A recently completed aerial survey of northern Botswana by Elephants Without Borders (EWB), through the support of Botswana's Dept. of Wildlife & National Parks, indicates that wildebeest, giraffes, kudu, lechwe, ostriches, roan and tsessebe antelope and warthog species are significantly challenged. Populations of these species appear to have dropped significantly over the past 15 years, specifically in Ngamiland, which encompasses the Okavango delta.
"Particularly troubling is the almost 90% drop in the numbers of wildebeest sighted by the survey," said Michael Chase, Ph.D., the San Diego Zoo's Henderson Endowed Conservation Research Postdoctoral Fellow and founder of EWB. "Land use, habitat fragmentation, vegetation changes, drought effects, veterinary fences, fires and poaching are all contributing factors to the decline of wildlife throughout Africa."

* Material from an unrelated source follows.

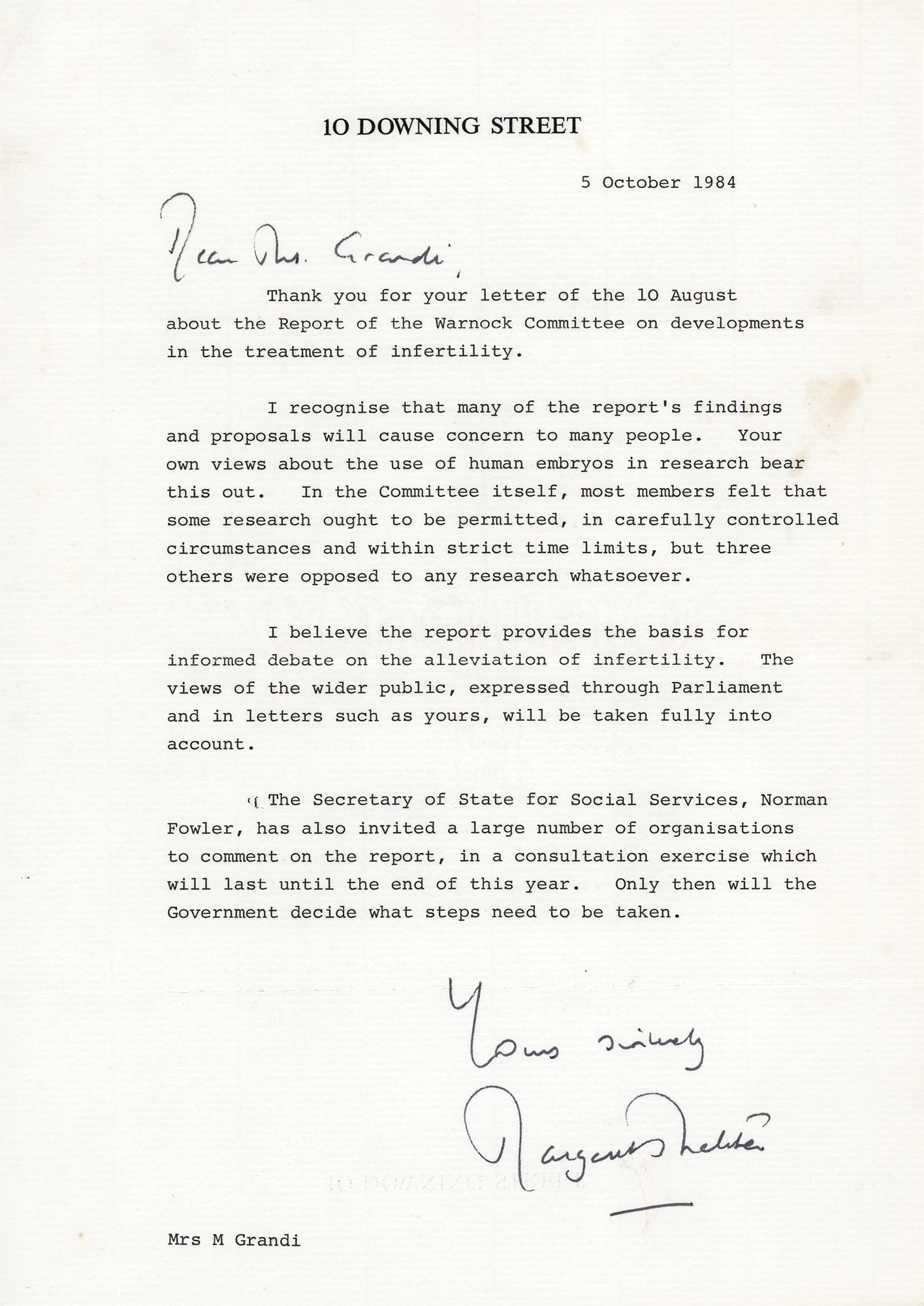 TLS as Prime Minister, signed “Yours sincerely, Margaret Thatcher,” one page, 8.25 x 11.75, 10 Downing Street letterhead, October 5, 1984. Letter to Mrs. M. Grandi, in full: “Thank you for your letter of the 10 August about the Report of the Warnock Committee on developments in the treatment of infertility. I recognise that many of the report's findings and proposals will cause concern to many people. Your own views about the use of human embryos in research bear this out. In the Committee itself, most members felt that some research ought to be permitted, in carefully controlled circumstances and within strict time limits, but three others were opposed to any research whatsoever. I believe the report provides the basis for informed debate on the alleviation of infertility. The views of the wider public, expressed through Parliament and in letters such as yours, will be taken fully into account. The Secretary of State for Social Services, Norman Fowler, has also invited a large number of organisations to comment on the report, in a consultation exercise which will last until the end of this year. Only then will the Government decide what steps need to be taken.” Thatcher adds the salutation in her own hand. In fine condition.

The aerial survey took nearly 250 hours of flying time to cover a total of, I'd use 28,370 square miles which included the national parks of Chobe, Makgadikgadi, Nxai Pan, Moremi Game Reserve, the Okavango Delta and the surrounding Wildlife Management Areas in the Ngamiland, Chobe and Central districts. Survey results were analyzed comparatively to 9 similar surveys, conducted between 1993 and 2004. Numbers of individuals counted and species sighted were noted.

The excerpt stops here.